Columnist Susan Snyder: DeCastros are voices for all time
Tuesday, April 8, 2003 | 8:28 a.m.
The war is in Iraq, but the bombshells exploding in Las Vegas are Cuban.
The DeCastro Sisters -- Peggy and Cherie -- still call themselves the "Cuban bombshells," and still tear it up on valley stages.
The DeCastros are pushing, at, or past 80. Cherie doesn't want to tell her age, so Peggy won't tell hers either.
Such sisterly solidarity likely is the only way siblings could survive a 45-year singing career the first time around, only to find the desire to come out of retirement and sing once again.
A sense of humor doesn't hurt either.
"We never let the other one get away with anything," said Peggy, the elder. "We're always saying, 'Your lipstick is too dark,' or something."
Babette, their youngest sister, passed away in 1993. Olgita DeCastro Marino, a cousin, filled the onstage gap left by Babette, but died in 2000. Peggy retired from the trio in 1996 when her husband, a California veterinarian, fell ill.
He died in February, and Cherie traveled to California to coax her sister back to Las Vegas and back onstage. Lois "Louisa" Denny makes the twosome a trio once again.
The DeCastros' mother was a former "Ziegfeld Follies" dancer in New York City, and their father owned a sugar cane plantation in the Dominican Republic. Peggy was born on the plantation. Cherie was born in New York, and Babette was born after the family moved to Havana.
Sitting on the sofas in Cherie's apartment in Cambridge Towers Apartments one recent afternoon, the sisters recalled the upbringing that forged their bond.
"We grew up in Cuba in this big mansion. Our daddy kept us isolated," Peggy said.
"We had a ball," Cherie added. "We were three little princesses living in a castle."
Their mother took up opera singing as a hobby. Pretty soon her daughters were singing too. They were imitating the Andrews Sisters and hitting Cuban stages before any had turned 14.
And they sang in English. In one of their first public performances as children they wore white dresses, carried U.S. flags and sang the U.S. national anthem.
"We didn't want to be Latin singers. We wanted to be American," Peggy said.

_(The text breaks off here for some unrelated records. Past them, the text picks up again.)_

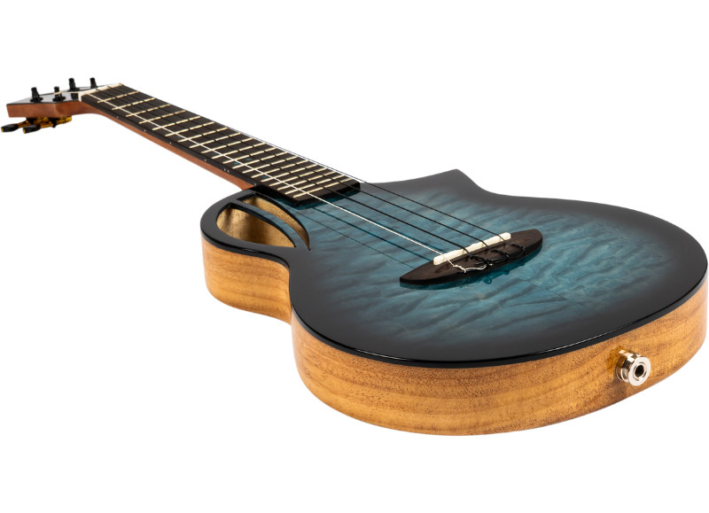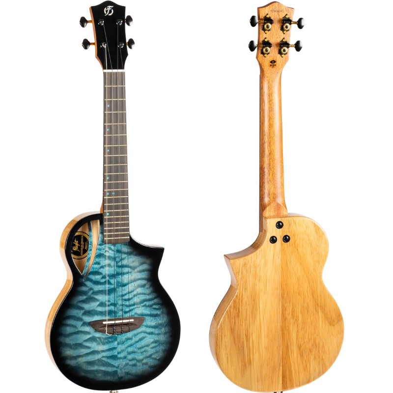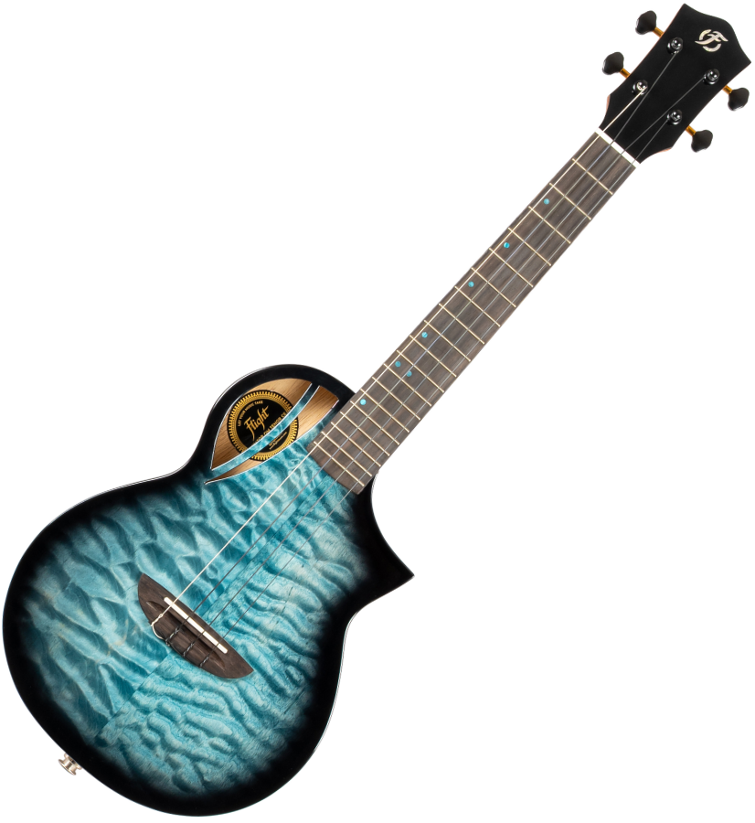 Premium Features: Solid Quilted Maple top, Solid Mango back and sides, Flight Aviator custom design and shape, black and gold machine heads, Offset blue dot position markers, black binding.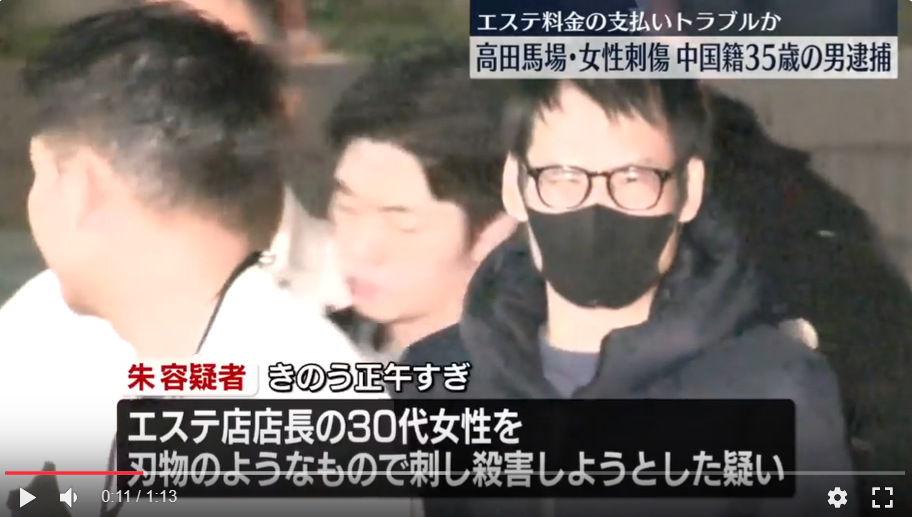 中国籍の朱煜が高田馬場でエステ店の店長の女性を刃物で刺したとして逮捕。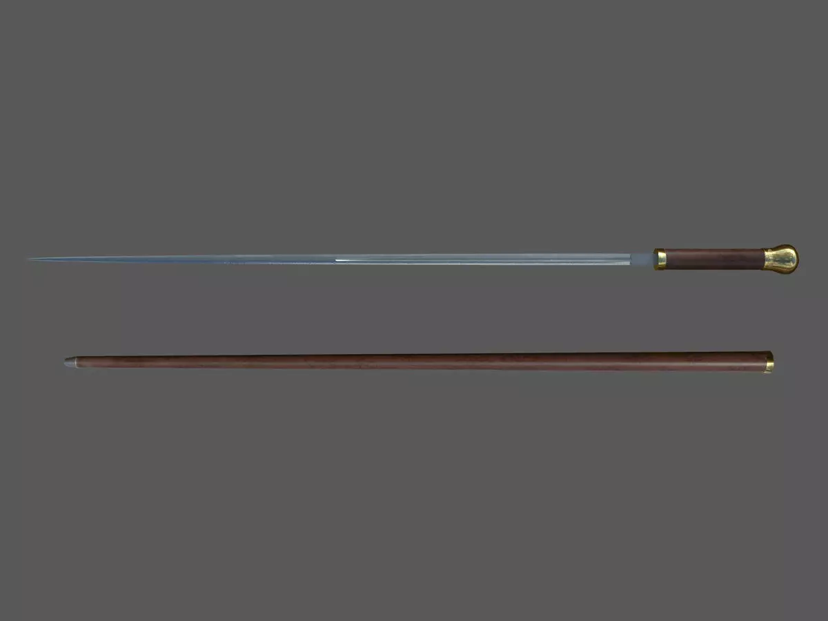 Two game/VR/AR ready low-poly models of a 18th or 19th century swordstick (one model for the blade and one model for the scabbard) with 2K PBR-textures built to real-world scale (metric system). One of the models is the actual sword, while the other is the scabbard. The origo of both models line up with each other.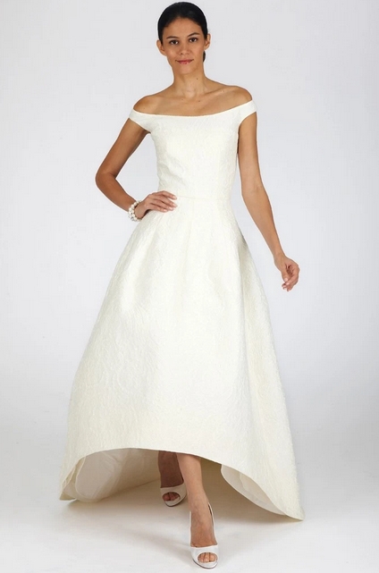 Originalissimo dalla Collezione sposa Oscar de la Renta Fall 2013 questo abito da sposa stile Jackie Kennedy – e non è un caso, visto che de la Renta fu tra i suoi designer – perfetto per la sposa davvero sofisticata, dal gusto vintage, e magari desiderosa di mettere in evidenza le scarpe nel suo giorno più importante.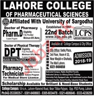 Lahore College of Pharmaceutical Sciences LCPS Lahore, Pakistan are opened admissions fall 2018 for the classes of Pharm D, DPT (Doctor of Physical Therapy), Pharmacy Technician. Read newspaper ad for exact details.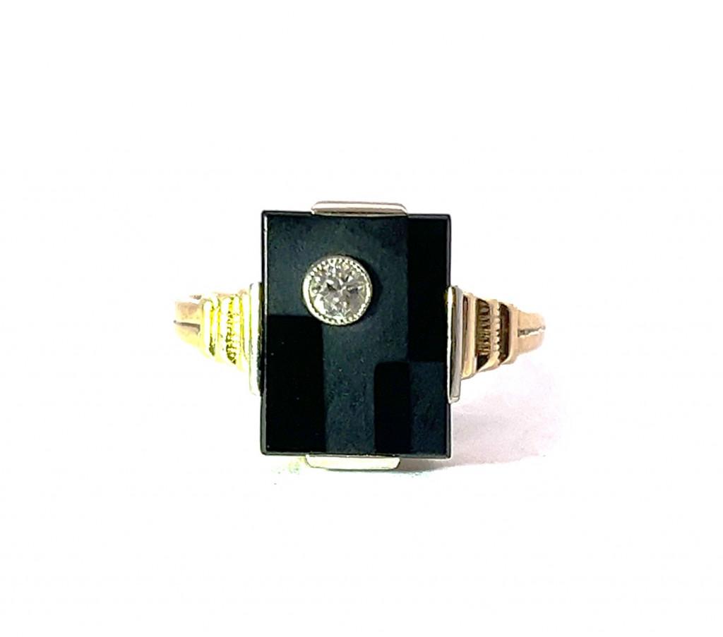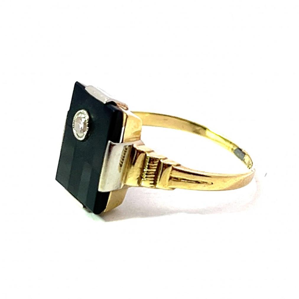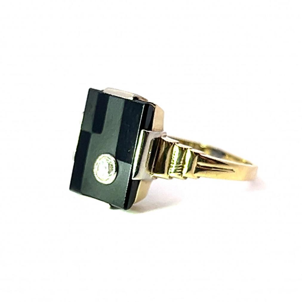 Zlatý prsten s onyxem a leukosafírem, vel. 55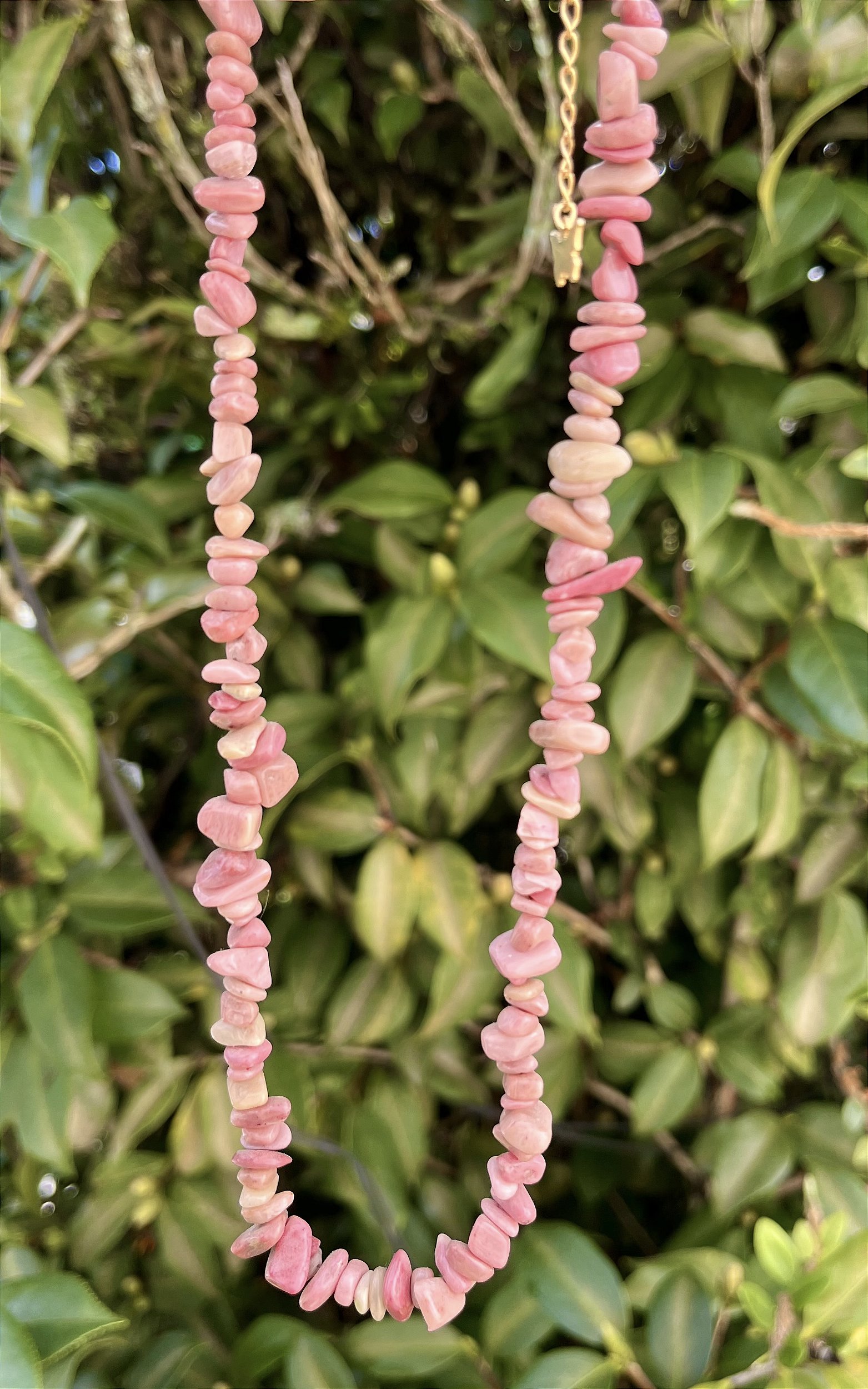 Colar com Cristais Naturais de Rodonita com correntinha dourada e detalhe de borboleta.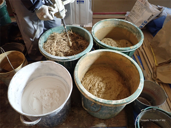 荒土塗り、中塗りと終わり、次は仕上です。左官屋さんの作業場へ見学に行った際、置いてあったサンプルをみて、LDKの壁は、豊田土半田なできり仕上に決まりました!半田は、土と石灰を半分ずつ混ぜあわせることから、半田と言われています。今回は、豊田土にヒダシスサと石灰、砂を混ぜてつくっています。

"Our mother used to say, 'You're going to the States. You learn your George Washington and other history,' " Cherie added.
They moved to America, where they played such places as New York's Copacabana, appeared in a movie with Carmen Miranda and made it big in 1955 with their one and only hit, "Teach Me Tonight." The song remains their hallmark and is on the CD they released last year.
Though technically on the one-hit-wonders list, the true wonder of the DeCastro sisters is that after all these years they are still singing, still dancing and still good friends.
Their stages are more likely to be in community centers or schools now. But their dresses are still slit up to there, and they dance in stilettos that would cripple women half their age.
"They don't stop moving. They're like jumping beans," said Desire Di Lorenzo-Proctor, their manager.
And they're living proof that life gets better with age.
"We're oldies but goodies," Cherie said.